Back at the Merc, I focused on making the most of festival day. I restocked the produce cart and hauled it out to the sidewalk. Started coffee and made sure we had plenty of cream and sugar, paper cups, stirring sticks, and napkins. Set out bowls and trays for the samples we’d be offering. Fluffed the coolers and shelves.
Ready. I rubbed my hands with glee.
My new painting lay on the kitchen’s stainless steel counter. I carried it and my bag up the half flight of stairs. The tiny office tucked under the eaves still felt like Fresca’s. Her cookbooks crammed the shelves: Julia Child, Jacques Pepin, Marcella Hazan, Escoffier, Larousse Gastronomique, and more and more and more. Stacks of Bon Appetit, Saveur, and Food and Wine filled the corners. Even a pile of Gourmet—when her favorite magazine shut down, Fresca had practically wept.
I’d cleaned out the files when I took over the business, but since my mother had given me full responsibility for the building as well, another sweep might be in order.
Her cookbooks had to stay.
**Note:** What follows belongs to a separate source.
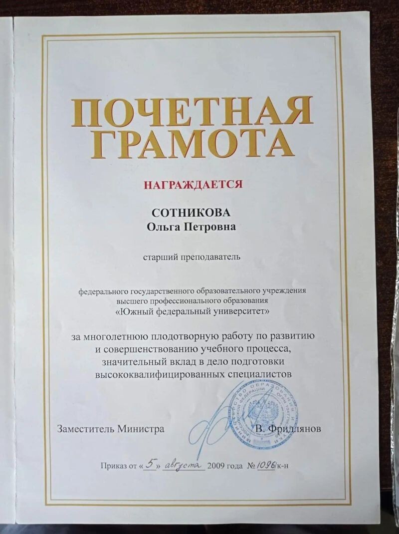 - ЮФУ, почётная грамота за многолетнюю плодотворную работу по развитию и совершенствованию учебного процесса, значительный вклад в дело подготовки высококвалифицированных специалистов, 2009 г.

She consulted them regularly. Now that we’d cleaned up the basement, I could install shelves and gently suggest she move the books downstairs. But forcing her to clean out entirely would be like forcing her out of the business.
Which she’d stepped back from voluntarily. Was I protecting her, or resisting the responsibility of being really, truly in charge?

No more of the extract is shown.